-- YOUR ASSIGNMENT --
Word for word, please restate each record and pass over the pictures.

-- EXERCISE DATA --
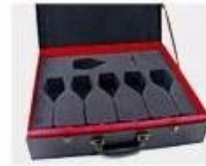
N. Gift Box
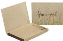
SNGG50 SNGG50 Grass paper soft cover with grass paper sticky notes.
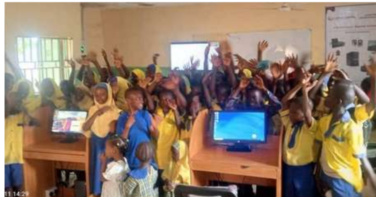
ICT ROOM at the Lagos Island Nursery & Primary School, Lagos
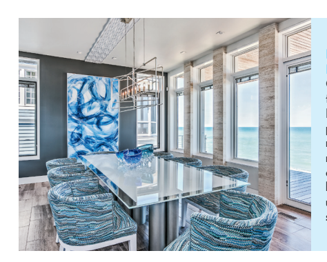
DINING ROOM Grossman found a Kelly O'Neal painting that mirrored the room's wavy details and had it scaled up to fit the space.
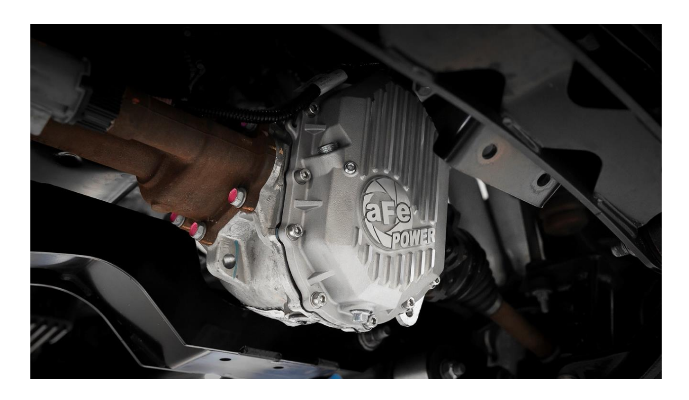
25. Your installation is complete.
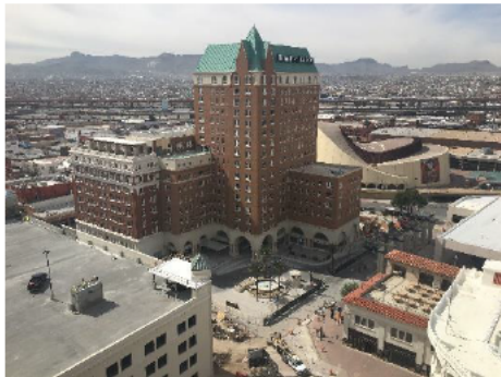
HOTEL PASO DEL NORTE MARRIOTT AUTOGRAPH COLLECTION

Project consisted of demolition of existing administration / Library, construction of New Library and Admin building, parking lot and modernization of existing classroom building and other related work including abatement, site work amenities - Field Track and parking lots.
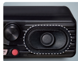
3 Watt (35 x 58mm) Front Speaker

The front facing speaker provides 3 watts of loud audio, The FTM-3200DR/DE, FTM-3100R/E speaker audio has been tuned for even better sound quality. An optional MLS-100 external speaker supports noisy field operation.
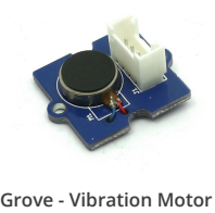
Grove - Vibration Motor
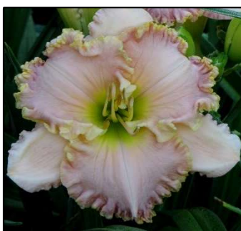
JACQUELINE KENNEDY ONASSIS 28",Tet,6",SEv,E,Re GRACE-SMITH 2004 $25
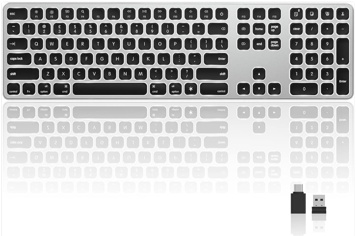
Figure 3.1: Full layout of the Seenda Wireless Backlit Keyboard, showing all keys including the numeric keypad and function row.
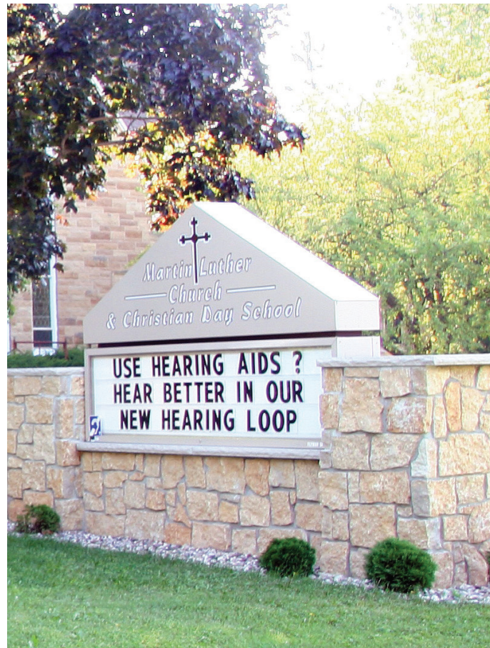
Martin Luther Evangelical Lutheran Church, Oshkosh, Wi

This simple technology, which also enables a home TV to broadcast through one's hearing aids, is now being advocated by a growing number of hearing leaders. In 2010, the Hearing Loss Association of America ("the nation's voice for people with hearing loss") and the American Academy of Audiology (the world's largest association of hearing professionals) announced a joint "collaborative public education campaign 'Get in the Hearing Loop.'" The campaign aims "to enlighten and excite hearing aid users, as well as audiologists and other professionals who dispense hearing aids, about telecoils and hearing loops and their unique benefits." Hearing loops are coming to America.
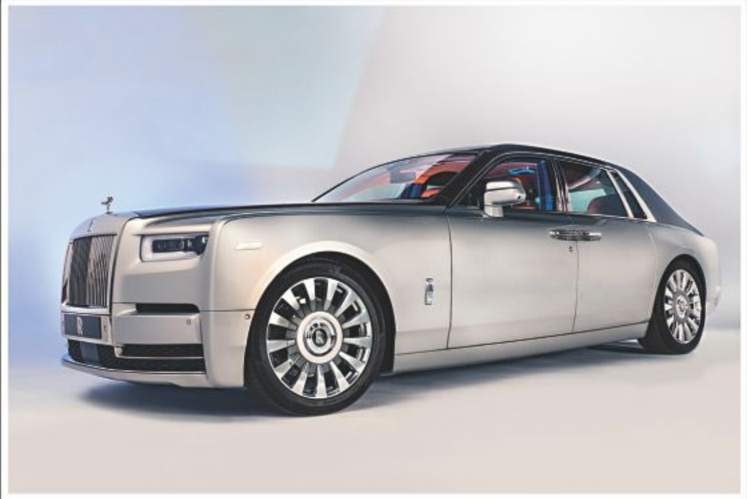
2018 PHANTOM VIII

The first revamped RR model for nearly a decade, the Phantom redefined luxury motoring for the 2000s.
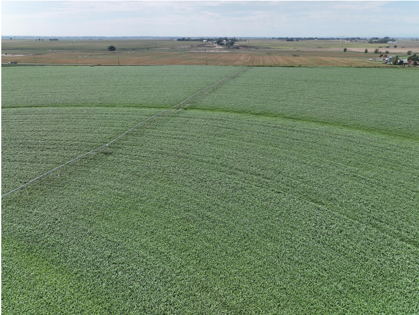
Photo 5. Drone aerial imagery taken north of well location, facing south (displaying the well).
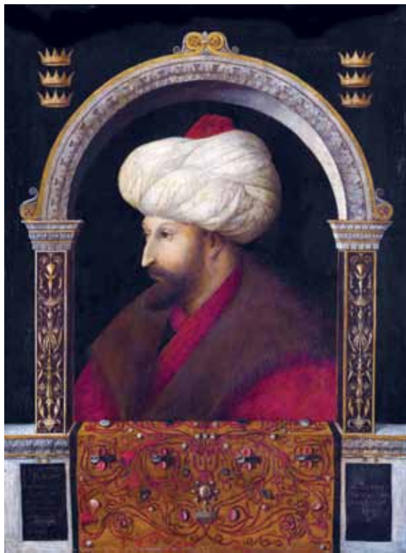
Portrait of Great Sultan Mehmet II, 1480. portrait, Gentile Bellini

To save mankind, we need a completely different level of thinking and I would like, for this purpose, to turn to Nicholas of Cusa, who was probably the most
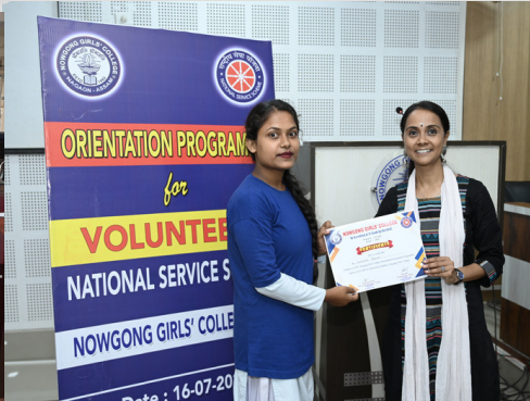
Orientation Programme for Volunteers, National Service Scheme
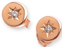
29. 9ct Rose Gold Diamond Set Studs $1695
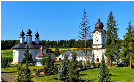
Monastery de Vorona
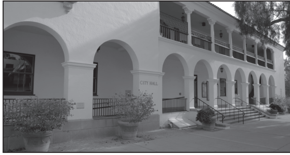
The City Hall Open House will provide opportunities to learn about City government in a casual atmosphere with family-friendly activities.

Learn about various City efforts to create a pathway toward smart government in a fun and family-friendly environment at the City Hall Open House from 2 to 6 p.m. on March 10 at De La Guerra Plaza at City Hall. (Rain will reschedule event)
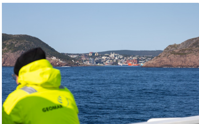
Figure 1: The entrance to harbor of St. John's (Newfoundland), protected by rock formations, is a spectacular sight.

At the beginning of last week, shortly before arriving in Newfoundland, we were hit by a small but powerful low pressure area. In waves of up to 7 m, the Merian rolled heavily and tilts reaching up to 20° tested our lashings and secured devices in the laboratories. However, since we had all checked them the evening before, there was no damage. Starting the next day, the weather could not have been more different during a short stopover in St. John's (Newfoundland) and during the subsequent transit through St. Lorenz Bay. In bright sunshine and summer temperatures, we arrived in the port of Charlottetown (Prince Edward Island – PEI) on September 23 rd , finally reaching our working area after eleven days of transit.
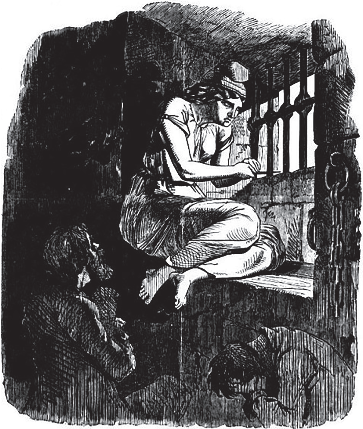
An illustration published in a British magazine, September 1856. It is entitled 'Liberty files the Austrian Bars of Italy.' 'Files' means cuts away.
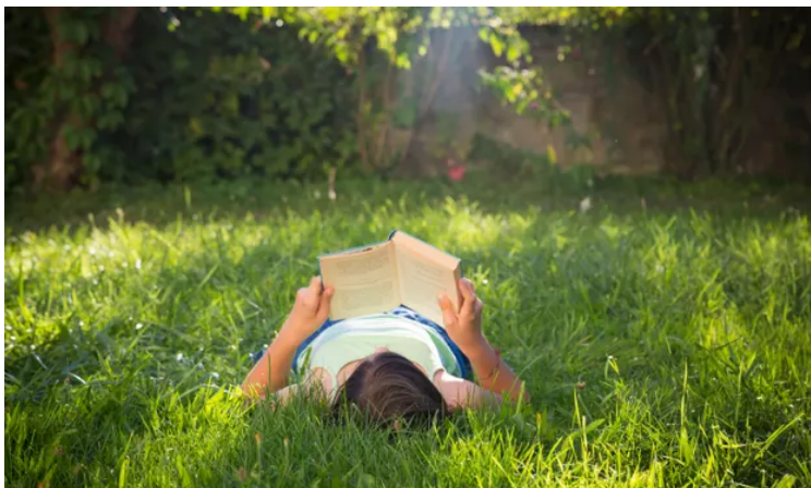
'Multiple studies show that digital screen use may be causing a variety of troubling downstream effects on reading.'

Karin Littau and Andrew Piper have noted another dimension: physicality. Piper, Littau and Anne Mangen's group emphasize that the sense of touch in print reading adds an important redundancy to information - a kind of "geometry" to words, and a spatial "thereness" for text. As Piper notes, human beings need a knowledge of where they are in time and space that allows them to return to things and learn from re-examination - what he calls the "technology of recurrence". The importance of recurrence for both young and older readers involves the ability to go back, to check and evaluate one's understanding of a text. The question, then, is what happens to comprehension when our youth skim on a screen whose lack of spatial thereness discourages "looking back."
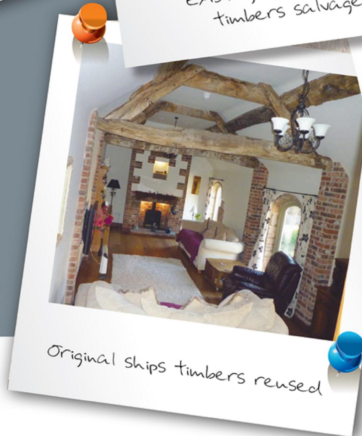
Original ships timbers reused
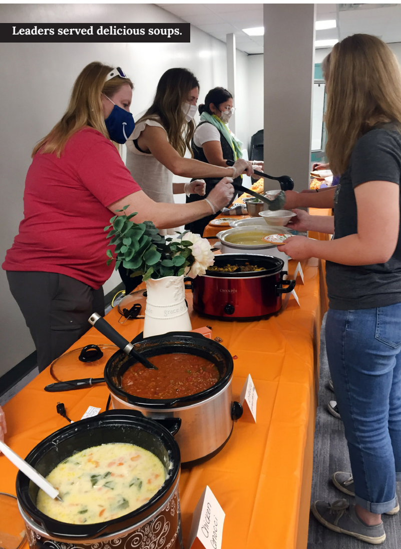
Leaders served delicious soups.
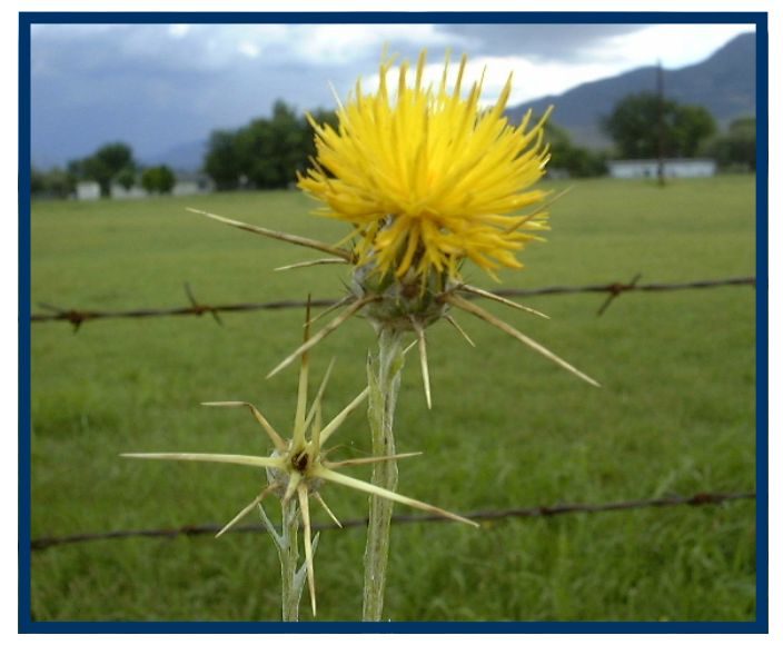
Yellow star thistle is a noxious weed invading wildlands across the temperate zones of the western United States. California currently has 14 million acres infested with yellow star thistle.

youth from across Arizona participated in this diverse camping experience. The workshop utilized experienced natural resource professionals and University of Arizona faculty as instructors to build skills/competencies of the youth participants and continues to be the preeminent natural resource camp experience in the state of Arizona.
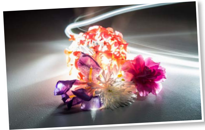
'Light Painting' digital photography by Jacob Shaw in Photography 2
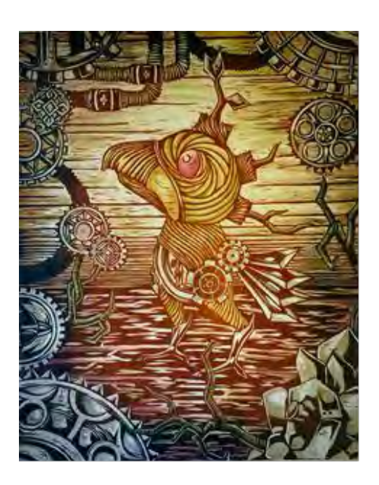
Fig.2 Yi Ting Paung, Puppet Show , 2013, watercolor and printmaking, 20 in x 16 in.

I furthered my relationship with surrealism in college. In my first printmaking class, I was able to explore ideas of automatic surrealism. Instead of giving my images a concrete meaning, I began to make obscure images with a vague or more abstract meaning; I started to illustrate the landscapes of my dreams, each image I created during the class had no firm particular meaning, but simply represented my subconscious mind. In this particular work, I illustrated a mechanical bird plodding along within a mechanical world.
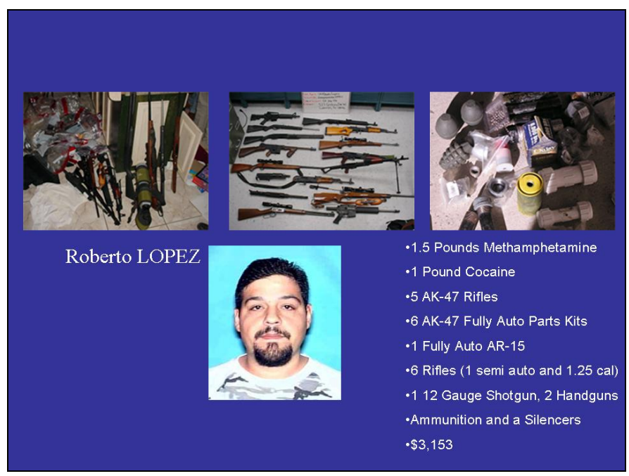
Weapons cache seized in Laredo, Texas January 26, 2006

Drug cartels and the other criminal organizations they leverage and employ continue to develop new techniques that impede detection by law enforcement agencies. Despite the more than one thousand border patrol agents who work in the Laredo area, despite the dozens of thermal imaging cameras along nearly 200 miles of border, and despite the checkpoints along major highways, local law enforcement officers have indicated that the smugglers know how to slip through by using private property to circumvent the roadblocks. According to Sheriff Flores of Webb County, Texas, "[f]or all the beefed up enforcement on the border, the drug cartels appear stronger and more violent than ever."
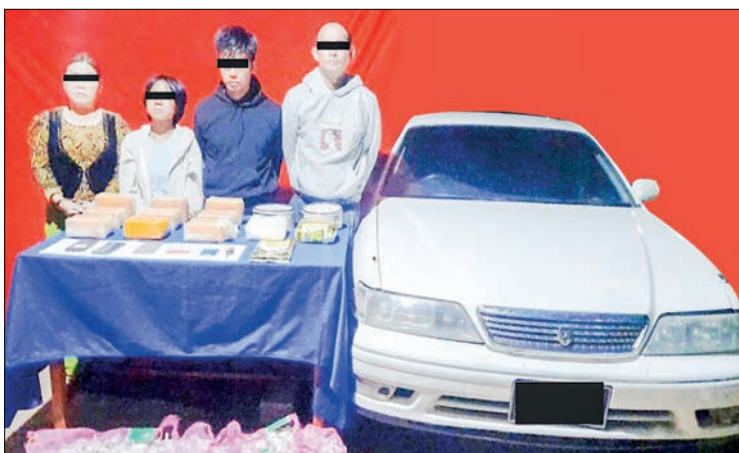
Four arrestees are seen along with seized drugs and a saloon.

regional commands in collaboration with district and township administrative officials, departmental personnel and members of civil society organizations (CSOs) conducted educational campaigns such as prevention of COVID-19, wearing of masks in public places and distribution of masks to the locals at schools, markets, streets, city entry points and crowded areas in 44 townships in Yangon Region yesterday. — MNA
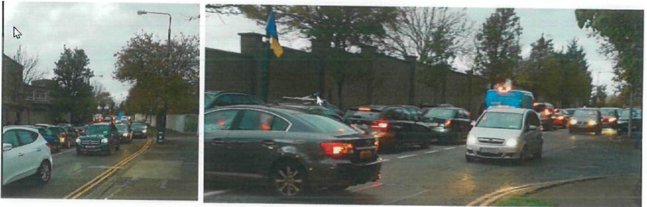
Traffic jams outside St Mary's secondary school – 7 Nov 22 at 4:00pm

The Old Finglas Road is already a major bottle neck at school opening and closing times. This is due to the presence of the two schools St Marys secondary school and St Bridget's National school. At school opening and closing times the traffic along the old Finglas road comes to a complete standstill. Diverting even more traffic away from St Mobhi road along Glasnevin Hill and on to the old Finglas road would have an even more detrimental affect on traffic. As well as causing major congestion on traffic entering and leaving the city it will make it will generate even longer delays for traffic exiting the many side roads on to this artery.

-- ANSWER SPACE --
N. Gift Box
SNGG50 SNGG50 Grass paper soft cover with grass paper sticky notes.
ICT ROOM at the Lagos Island Nursery & Primary School, Lagos
DINING ROOM Grossman found a Kelly O'Neal painting that mirrored the room's wavy details and had it scaled up to fit the space.
25. Your installation is complete.
HOTEL PASO DEL NORTE MARRIOTT AUTOGRAPH COLLECTION

Project consisted of demolition of existing administration / Library, construction of New Library and Admin building, parking lot and modernization of existing classroom building and other related work including abatement, site work amenities - Field Track and parking lots.
3 Watt (35 x 58mm) Front Speaker

The front facing speaker provides 3 watts of loud audio, The FTM-3200DR/DE, FTM-3100R/E speaker audio has been tuned for even better sound quality. An optional MLS-100 external speaker supports noisy field operation.
Grove - Vibration Motor
JACQUELINE KENNEDY ONASSIS 28",Tet,6",SEv,E,Re GRACE-SMITH 2004 $25
Figure 3.1: Full layout of the Seenda Wireless Backlit Keyboard, showing all keys including the numeric keypad and function row.
Martin Luther Evangelical Lutheran Church, Oshkosh, Wi

This simple technology, which also enables a home TV to broadcast through one's hearing aids, is now being advocated by a growing number of hearing leaders. In 2010, the Hearing Loss Association of America ("the nation's voice for people with hearing loss") and the American Academy of Audiology (the world's largest association of hearing professionals) announced a joint "collaborative public education campaign 'Get in the Hearing Loop.'" The campaign aims "to enlighten and excite hearing aid users, as well as audiologists and other professionals who dispense hearing aids, about telecoils and hearing loops and their unique benefits." Hearing loops are coming to America.
2018 PHANTOM VIII

The first revamped RR model for nearly a decade, the Phantom redefined luxury motoring for the 2000s.
Photo 5. Drone aerial imagery taken north of well location, facing south (displaying the well).
Portrait of Great Sultan Mehmet II, 1480. portrait, Gentile Bellini

To save mankind, we need a completely different level of thinking and I would like, for this purpose, to turn to Nicholas of Cusa, who was probably the most
Orientation Programme for Volunteers, National Service Scheme
29. 9ct Rose Gold Diamond Set Studs $1695
Monastery de Vorona
The City Hall Open House will provide opportunities to learn about City government in a casual atmosphere with family-friendly activities.

Learn about various City efforts to create a pathway toward smart government in a fun and family-friendly environment at the City Hall Open House from 2 to 6 p.m. on March 10 at De La Guerra Plaza at City Hall. (Rain will reschedule event)
Figure 1: The entrance to harbor of St. John's (Newfoundland), protected by rock formations, is a spectacular sight.

At the beginning of last week, shortly before arriving in Newfoundland, we were hit by a small but powerful low pressure area. In waves of up to 7 m, the Merian rolled heavily and tilts reaching up to 20° tested our lashings and secured devices in the laboratories. However, since we had all checked them the evening before, there was no damage. Starting the next day, the weather could not have been more different during a short stopover in St. John's (Newfoundland) and during the subsequent transit through St. Lorenz Bay. In bright sunshine and summer temperatures, we arrived in the port of Charlottetown (Prince Edward Island – PEI) on September 23 rd , finally reaching our working area after eleven days of transit.
An illustration published in a British magazine, September 1856. It is entitled 'Liberty files the Austrian Bars of Italy.' 'Files' means cuts away.
'Multiple studies show that digital screen use may be causing a variety of troubling downstream effects on reading.'

Karin Littau and Andrew Piper have noted another dimension: physicality. Piper, Littau and Anne Mangen's group emphasize that the sense of touch in print reading adds an important redundancy to information - a kind of "geometry" to words, and a spatial "thereness" for text. As Piper notes, human beings need a knowledge of where they are in time and space that allows them to return to things and learn from re-examination - what he calls the "technology of recurrence". The importance of recurrence for both young and older readers involves the ability to go back, to check and evaluate one's understanding of a text. The question, then, is what happens to comprehension when our youth skim on a screen whose lack of spatial thereness discourages "looking back."
Original ships timbers reused
Leaders served delicious soups.
Yellow star thistle is a noxious weed invading wildlands across the temperate zones of the western United States. California currently has 14 million acres infested with yellow star thistle.

youth from across Arizona participated in this diverse camping experience. The workshop utilized experienced natural resource professionals and University of Arizona faculty as instructors to build skills/competencies of the youth participants and continues to be the preeminent natural resource camp experience in the state of Arizona.
'Light Painting' digital photography by Jacob Shaw in Photography 2
Fig.2 Yi Ting Paung, Puppet Show , 2013, watercolor and printmaking, 20 in x 16 in.

I furthered my relationship with surrealism in college. In my first printmaking class, I was able to explore ideas of automatic surrealism. Instead of giving my images a concrete meaning, I began to make obscure images with a vague or more abstract meaning; I started to illustrate the landscapes of my dreams, each image I created during the class had no firm particular meaning, but simply represented my subconscious mind. In this particular work, I illustrated a mechanical bird plodding along within a mechanical world.
Weapons cache seized in Laredo, Texas January 26, 2006

Drug cartels and the other criminal organizations they leverage and employ continue to develop new techniques that impede detection by law enforcement agencies. Despite the more than one thousand border patrol agents who work in the Laredo area, despite the dozens of thermal imaging cameras along nearly 200 miles of border, and despite the checkpoints along major highways, local law enforcement officers have indicated that the smugglers know how to slip through by using private property to circumvent the roadblocks. According to Sheriff Flores of Webb County, Texas, "[f]or all the beefed up enforcement on the border, the drug cartels appear stronger and more violent than ever."
Four arrestees are seen along with seized drugs and a saloon.

regional commands in collaboration with district and township administrative officials, departmental personnel and members of civil society organizations (CSOs) conducted educational campaigns such as prevention of COVID-19, wearing of masks in public places and distribution of masks to the locals at schools, markets, streets, city entry points and crowded areas in 44 townships in Yangon Region yesterday. — MNA
Traffic jams outside St Mary's secondary school – 7 Nov 22 at 4:00pm

The Old Finglas Road is already a major bottle neck at school opening and closing times. This is due to the presence of the two schools St Marys secondary school and St Bridget's National school. At school opening and closing times the traffic along the old Finglas road comes to a complete standstill. Diverting even more traffic away from St Mobhi road along Glasnevin Hill and on to the old Finglas road would have an even more detrimental affect on traffic. As well as causing major congestion on traffic entering and leaving the city it will make it will generate even longer delays for traffic exiting the many side roads on to this artery.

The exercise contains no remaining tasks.